Foreign exchange and the Interbank Market
Page 11 of 12
The interbank market is the financial system and trading of currencies among banks and financial
institutions, excluding retail investors and smaller trading parties. While some interbank trading is
performed by banks on behalf of large customers, most interbank trading takes place from the banks'
own accounts. The forex market is where currencies are traded. The forex market is the largest, most
liquid market in the world with an average traded value that exceeds $1.9 trillion per day and includes
all of the currencies in the world. The forex is the largest market in the world in terms of the total cash
value traded, and any person, firm or country may participate in this market.
There is no central marketplace for currency exchange; trade is conducted over the counter. The forex
market is open 24 hours a day, five days a week and currencies are traded worldwide among the major
financial centers of London, New York, Tokyo, Zürich, Frankfurt, Hong Kong, Singapore, Paris and
Sydney.
Primary Markets vs. Secondary Markets
A primary market issues new securities on an exchange. Companies, governments and other groups
obtain financing through debt or equity based securities. Primary markets, also known as "new issue
markets," are facilitated by underwriting groups, which consist of investment banks that will set a
beginning price range for a given security and then oversee its sale directly to investors. The primary
markets are where investors have their first chance to participate in a new security issuance. The
issuing company or group receives cash proceeds from the sale, which is then used to fund operations
or expand the business the secondary market is where investors purchase securities or assets from
other investors, rather than from issuing companies themselves. The Securities and Exchange
Commission (SEC) registers securities prior to their primary issuance, then they start trading in
the secondary market on the New York Stock Exchange, Nasda or other venue where the securities
have been accepted for listing and trading.

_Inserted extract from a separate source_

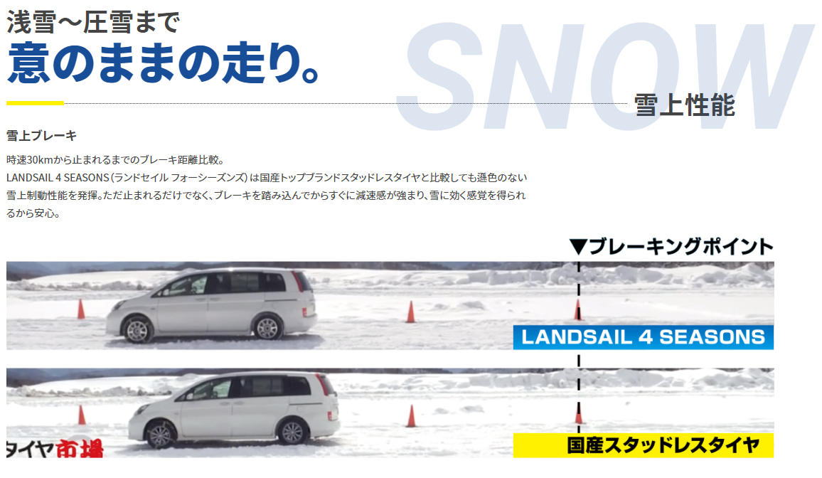 その中でおすすめなのが、タイヤ市場でしか購入できない、『LANDSAIL 4-SEASONS(ランドセイル フォーシーズンズ)』です!!

The secondary market is where the bulk of exchange trading occurs each day. Primary markets can see
increased volatility over secondary markets because it is difficult to accurately gauge investor demand
for a new security until several days of trading have occurred. In the primary market, prices are often
set beforehand, whereas in the secondary market only basic forces like supply and demand determine
the price of the security.
Secondary markets exist for other securities as well, such as when funds, investment banks or entities
such as Fannie Mae purchase mortgages from issuing lenders. In any secondary market trade, the cash
proceeds go to an investor rather than to the underlying company/entity directly.